• [DATA PROVIDED]:

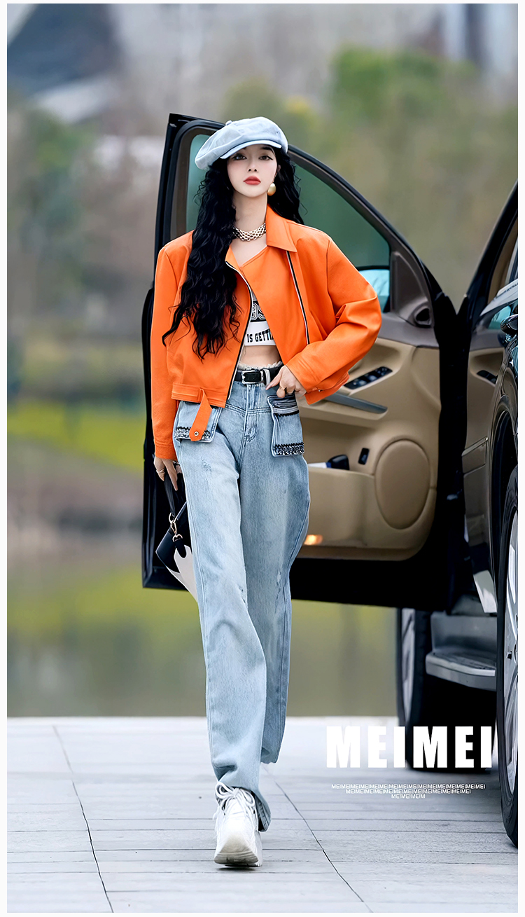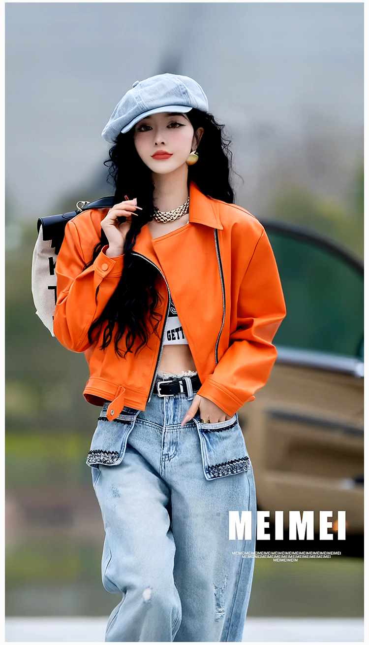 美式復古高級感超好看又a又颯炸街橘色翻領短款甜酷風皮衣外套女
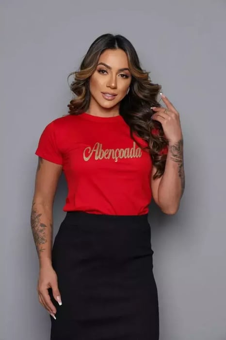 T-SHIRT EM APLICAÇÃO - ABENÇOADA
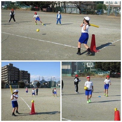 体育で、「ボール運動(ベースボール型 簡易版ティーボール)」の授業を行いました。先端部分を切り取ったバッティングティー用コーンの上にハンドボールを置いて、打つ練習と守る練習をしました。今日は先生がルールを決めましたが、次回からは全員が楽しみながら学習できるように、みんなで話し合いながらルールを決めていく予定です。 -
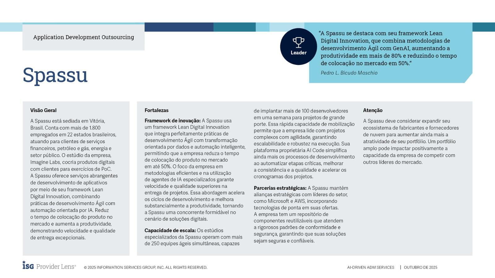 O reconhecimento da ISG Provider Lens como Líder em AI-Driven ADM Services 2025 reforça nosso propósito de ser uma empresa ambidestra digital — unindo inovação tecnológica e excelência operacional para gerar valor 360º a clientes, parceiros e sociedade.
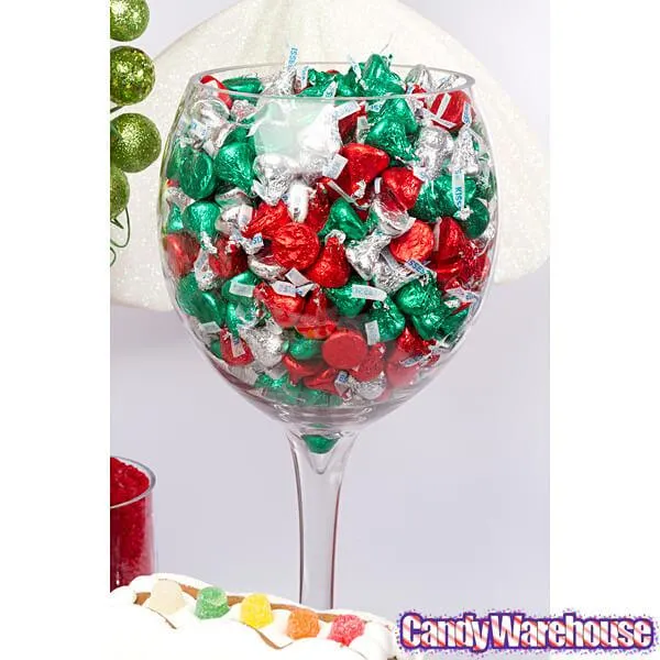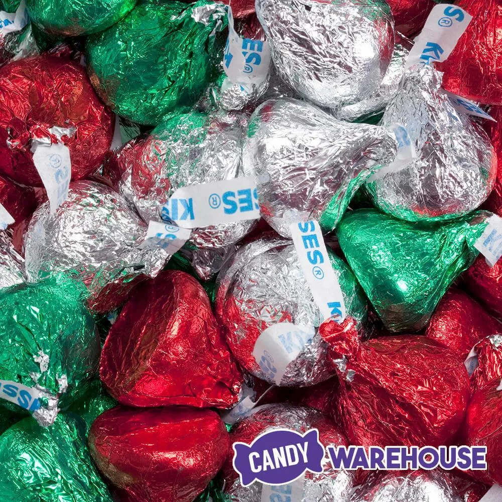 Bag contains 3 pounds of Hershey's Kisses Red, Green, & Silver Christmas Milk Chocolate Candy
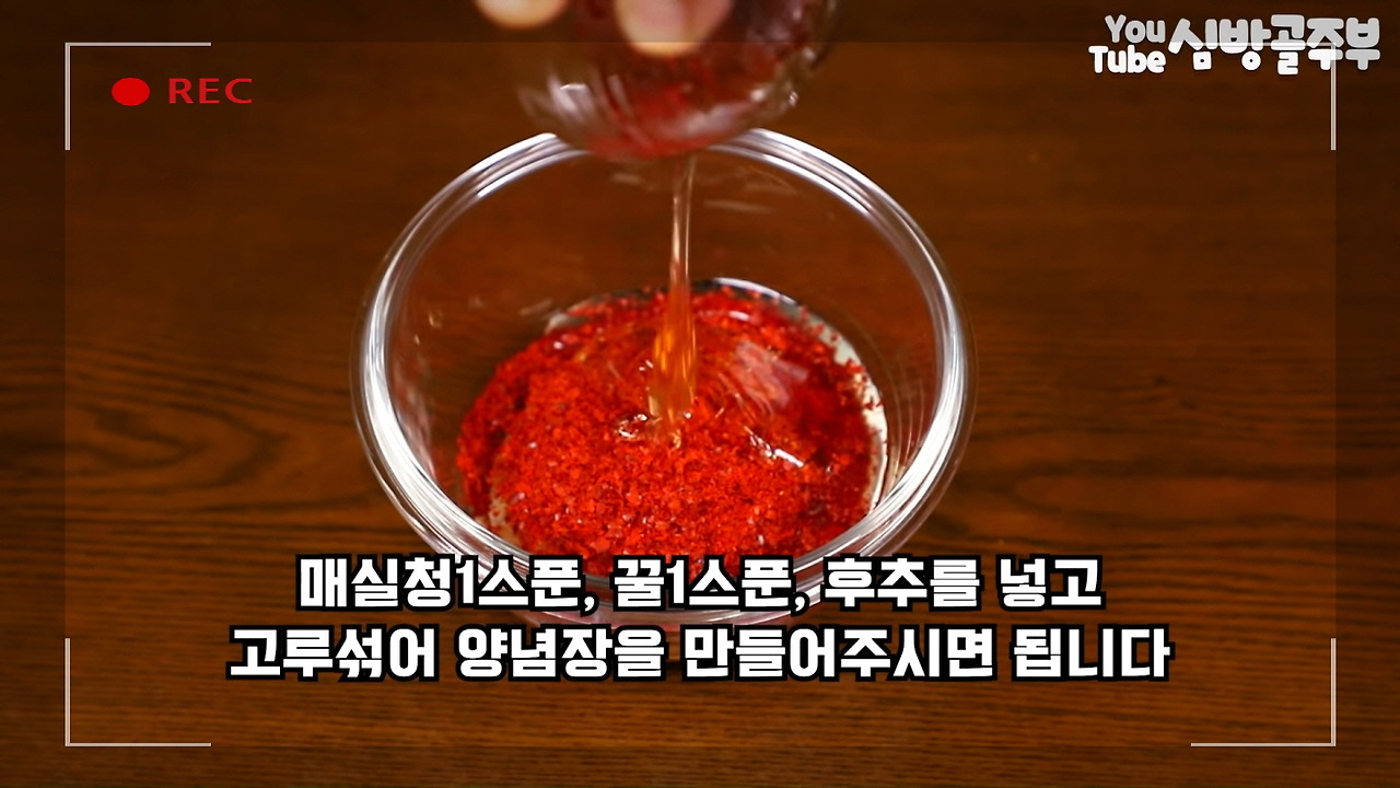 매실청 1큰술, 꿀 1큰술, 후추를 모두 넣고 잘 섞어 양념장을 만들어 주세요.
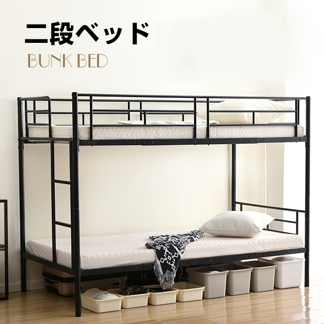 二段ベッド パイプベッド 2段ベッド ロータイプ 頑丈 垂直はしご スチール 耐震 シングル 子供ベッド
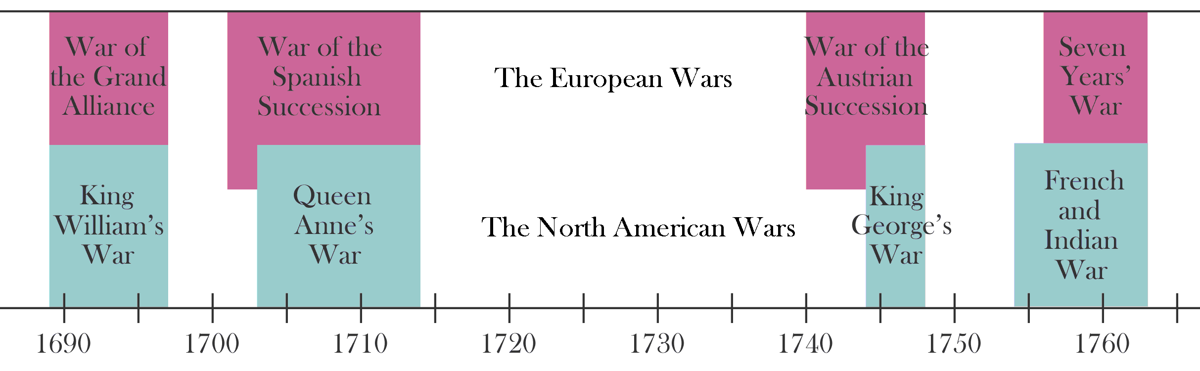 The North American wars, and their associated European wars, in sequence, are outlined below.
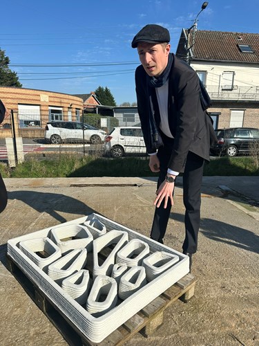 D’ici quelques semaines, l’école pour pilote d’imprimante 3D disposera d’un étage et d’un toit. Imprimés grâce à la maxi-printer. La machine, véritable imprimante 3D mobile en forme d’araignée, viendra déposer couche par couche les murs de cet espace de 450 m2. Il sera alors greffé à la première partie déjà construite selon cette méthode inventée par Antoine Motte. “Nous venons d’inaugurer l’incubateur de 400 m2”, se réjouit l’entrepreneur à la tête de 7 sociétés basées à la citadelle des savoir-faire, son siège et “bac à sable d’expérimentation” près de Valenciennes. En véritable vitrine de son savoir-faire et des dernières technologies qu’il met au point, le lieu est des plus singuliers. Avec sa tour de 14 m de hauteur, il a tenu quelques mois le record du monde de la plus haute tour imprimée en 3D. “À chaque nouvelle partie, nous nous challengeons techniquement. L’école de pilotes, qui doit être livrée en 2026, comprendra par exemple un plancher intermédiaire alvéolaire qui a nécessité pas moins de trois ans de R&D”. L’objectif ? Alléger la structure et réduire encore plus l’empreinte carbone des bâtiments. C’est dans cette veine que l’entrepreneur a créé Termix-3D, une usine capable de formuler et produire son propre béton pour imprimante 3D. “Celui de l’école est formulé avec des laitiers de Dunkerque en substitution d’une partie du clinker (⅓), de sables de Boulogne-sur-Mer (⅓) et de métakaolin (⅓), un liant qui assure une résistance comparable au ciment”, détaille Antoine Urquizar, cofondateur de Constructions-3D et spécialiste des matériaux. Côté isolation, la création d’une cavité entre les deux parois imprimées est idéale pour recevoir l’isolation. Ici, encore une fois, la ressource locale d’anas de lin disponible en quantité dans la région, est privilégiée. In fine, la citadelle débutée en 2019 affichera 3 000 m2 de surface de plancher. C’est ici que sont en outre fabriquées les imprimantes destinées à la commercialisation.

==

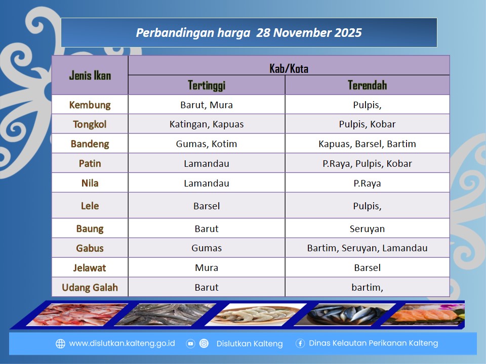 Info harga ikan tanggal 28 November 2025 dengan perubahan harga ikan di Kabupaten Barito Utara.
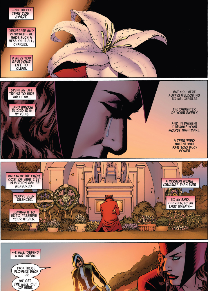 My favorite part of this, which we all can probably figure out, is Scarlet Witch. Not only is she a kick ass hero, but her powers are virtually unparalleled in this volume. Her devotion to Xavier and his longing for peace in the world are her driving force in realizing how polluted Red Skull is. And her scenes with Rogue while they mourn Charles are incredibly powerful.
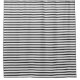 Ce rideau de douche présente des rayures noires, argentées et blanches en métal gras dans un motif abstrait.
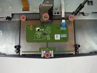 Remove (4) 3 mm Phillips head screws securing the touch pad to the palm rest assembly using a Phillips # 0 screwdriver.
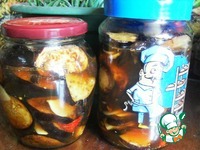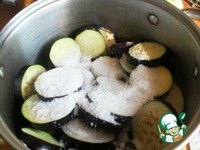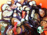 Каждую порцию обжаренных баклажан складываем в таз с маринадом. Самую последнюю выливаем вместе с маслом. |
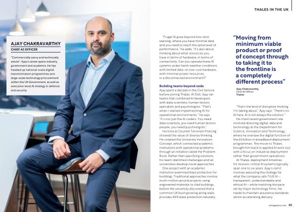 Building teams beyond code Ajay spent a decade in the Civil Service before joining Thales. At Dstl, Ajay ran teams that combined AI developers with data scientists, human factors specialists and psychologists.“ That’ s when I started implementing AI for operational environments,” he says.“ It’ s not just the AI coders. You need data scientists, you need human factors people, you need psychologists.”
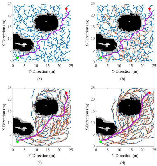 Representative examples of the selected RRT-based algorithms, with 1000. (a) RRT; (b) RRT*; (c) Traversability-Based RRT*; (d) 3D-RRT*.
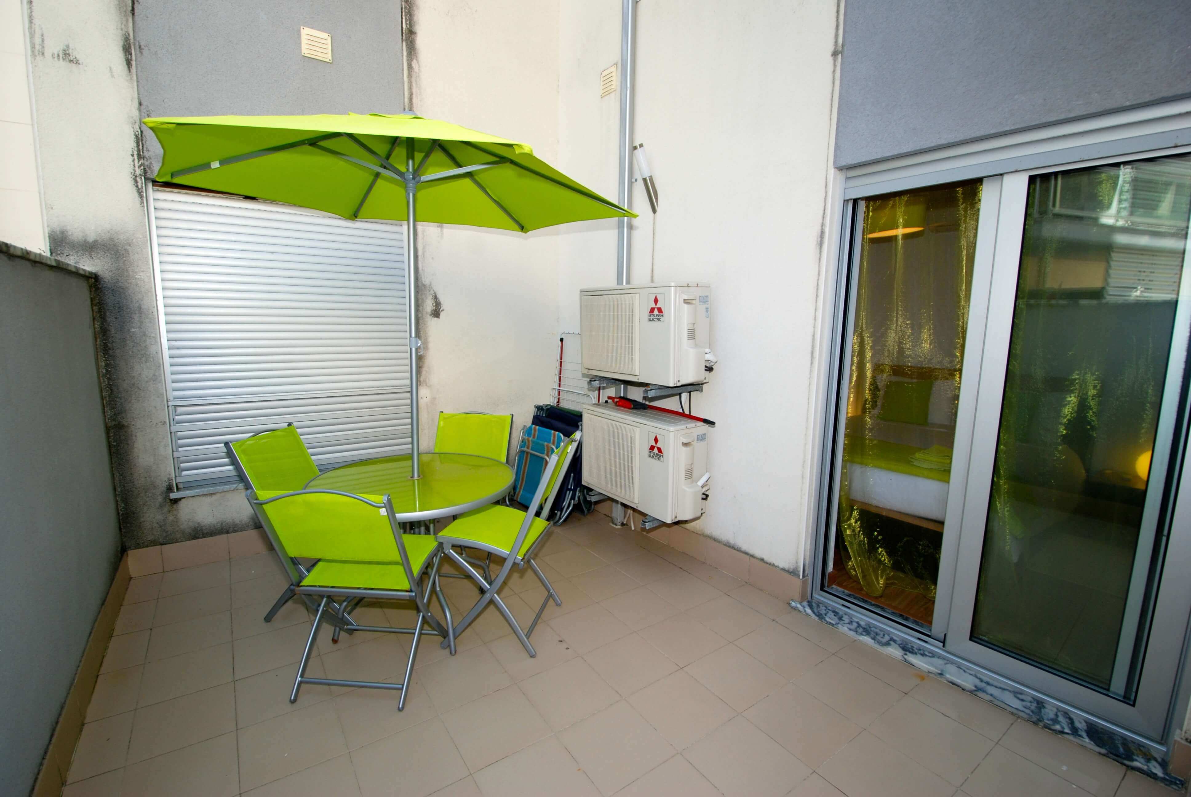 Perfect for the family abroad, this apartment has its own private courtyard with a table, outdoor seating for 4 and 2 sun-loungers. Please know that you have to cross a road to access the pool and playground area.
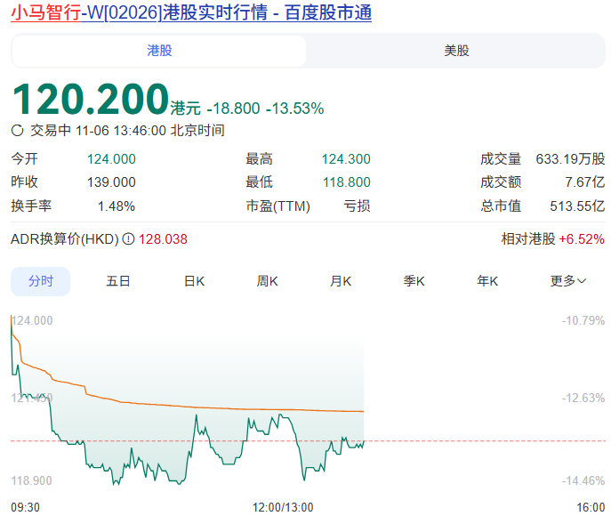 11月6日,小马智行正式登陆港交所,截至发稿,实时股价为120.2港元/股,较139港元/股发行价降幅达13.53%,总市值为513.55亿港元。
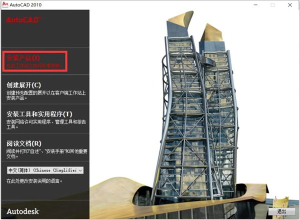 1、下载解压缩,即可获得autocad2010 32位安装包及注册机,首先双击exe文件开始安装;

--

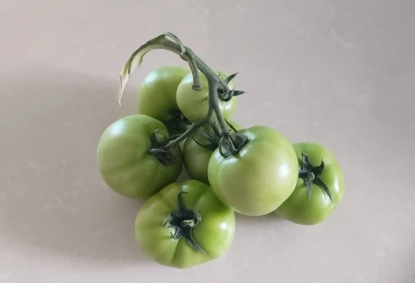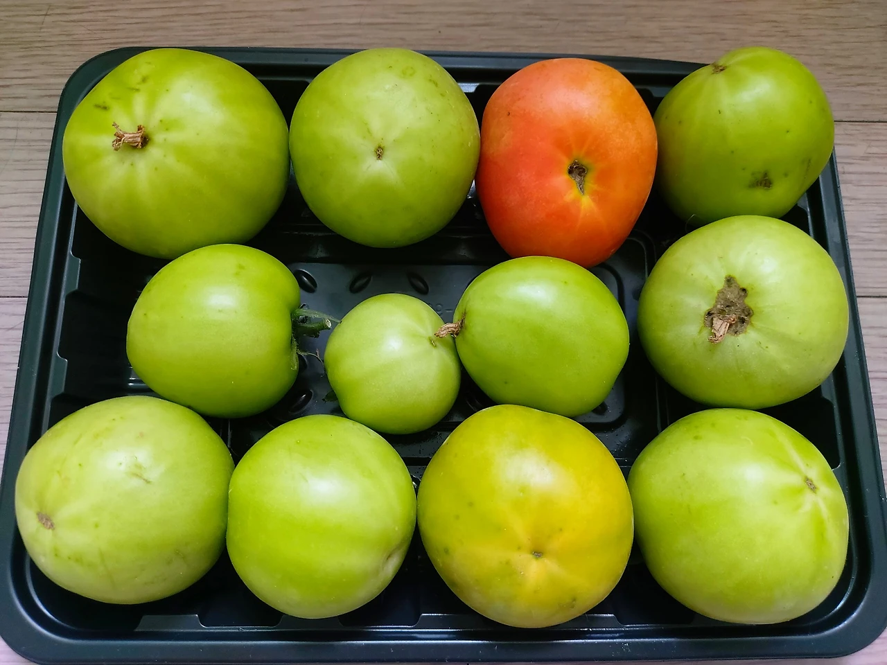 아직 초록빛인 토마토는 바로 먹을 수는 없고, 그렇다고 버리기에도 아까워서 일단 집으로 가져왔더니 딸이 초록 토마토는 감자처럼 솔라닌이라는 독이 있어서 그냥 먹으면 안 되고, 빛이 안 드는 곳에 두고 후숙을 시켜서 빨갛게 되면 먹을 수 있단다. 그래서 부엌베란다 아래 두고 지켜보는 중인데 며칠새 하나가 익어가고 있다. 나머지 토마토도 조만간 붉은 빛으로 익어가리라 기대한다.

• [EXERCISE INSTRUCTIONS]: In the data above, start at the line holding "Ce rideau de" and stop after the line holding "Remove (4) 3"; write out those lines exactly, without pictures.

• [TASK RESULT]:
 Ce rideau de douche présente des rayures noires, argentées et blanches en métal gras dans un motif abstrait.
 Remove (4) 3 mm Phillips head screws securing the touch pad to the palm rest assembly using a Phillips # 0 screwdriver.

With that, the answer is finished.